The data subject has the option to revoke the consent to the handling of personal data at any time vis-à-vis Sofortüberweisung. A revocation does not affect personal data that must necessarily be processed, used or transmitted for (contractual) payment processing.

The applicable data protection provisions of Sofortüberweisung can be found at https://www.sofort.com/ger-DE/datenschutzerklaerung-sofort-gmbh/.

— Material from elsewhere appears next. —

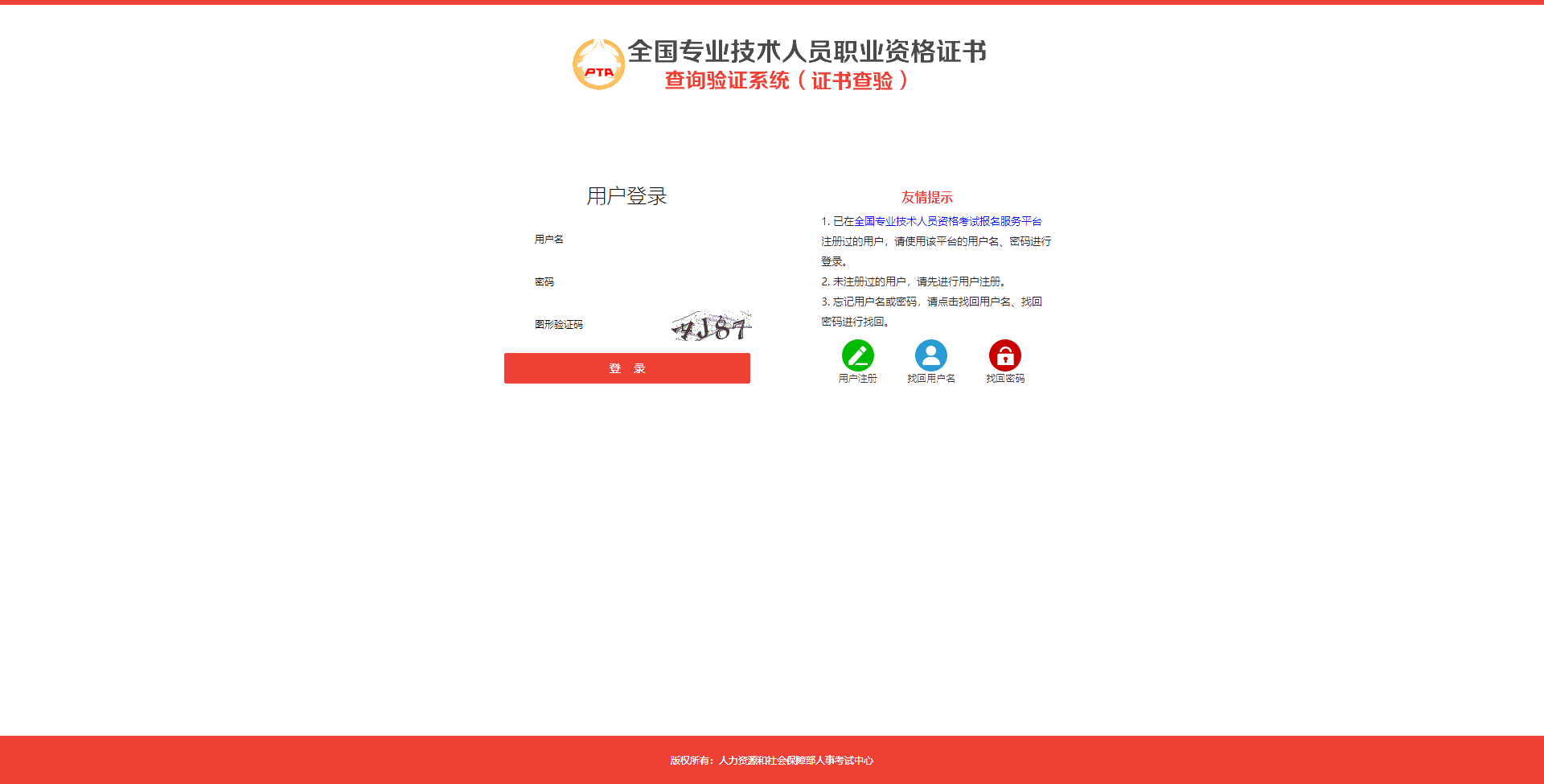 已在中国人事考试网“全国专业技术人员资格证书查询验证系统”或“全国专业技术人员资格考试报名服务平台”注册过的查询人员,请直接登录。

P. Credit card payment method:

If payment is made by credit card, the payment will be processed by the payment service provider VR Payment GmbH, Saonestraße 3a, 60528 Frankfurt am Main, Germany. In this process your invoice number, the invoice amount, the item information as well as the contract language and currency will be transmitted to VR Payment GmbH. Reference is made to the information provided by VR Payment GmbH in accordance with DSGVO in the context of processing credit card payments at https://www.vr-payment.de/datenschutz-haftung.

Q. Rights of the data subject

Under the application of the DS-GVO, you are entitled to the following statutory data subject rights, provided that their conditions are met:

- Right to information about your data stored by us in accordance with Art. 15 DS-GVO.

- Right to correction of inaccurate data in accordance with Art. 16 DS-GVO

- Right to delete the data stored by us in accordance with Art. 17 DS-GVO

- Right to restrict the processing of data stored by us in accordance with Art. 18 DS-GVO

- Right to revoke at any time, pursuant to Art. 7 (3) DS-GVO, any consent that may have been given to us; the consequence of this is that we may no longer continue the data processing that was based on this consent for the future.

- Right to data portability pursuant to Art. 20 DS-GVO.

- Right to lodge a complaint with a competent supervisory authority pursuant to Art. 77 DS-GVO if you believe that the processing of personal data concerning you violates provisions of the DS-GVO.

Right to object

If your personal data is processed on the basis of legitimate interests pursuant to Art. 6 (1) p. 1 lit. f DSGVO, you have the right to object to the processing of your personal data pursuant to Art. 21 DSGVO, provided that there are grounds for doing so that arise from your particular situation.

If you wish to exercise your right to object, it is sufficient to send an e-mail to dsgvo@besteffect.com.

R. Data security

Your personal data is transferred on our website via the Internet using the so-called SSL security system (Secure Socket Layer). This technology offers a high level of security and is therefore also used, for example, by banks for data protection in online banking. We secure our website and other systems by technical and organizational measures against loss, destruction, access, modification or distribution of your data by unauthorized persons.

S. Up-to-dateness and changes of this privacy policy

This data protection declaration is currently valid and has the status August 2020. Due to the further development of our website and offers on it or due to changed legal or official requirements, it may become necessary to change this data protection declaration. You can access and print out the current data protection declaration at any time on the website at https://shop.besteffect.com/datenschutz.

This letter has been machine translated from German. In case of any errors in the translation, the text of the original German version applies.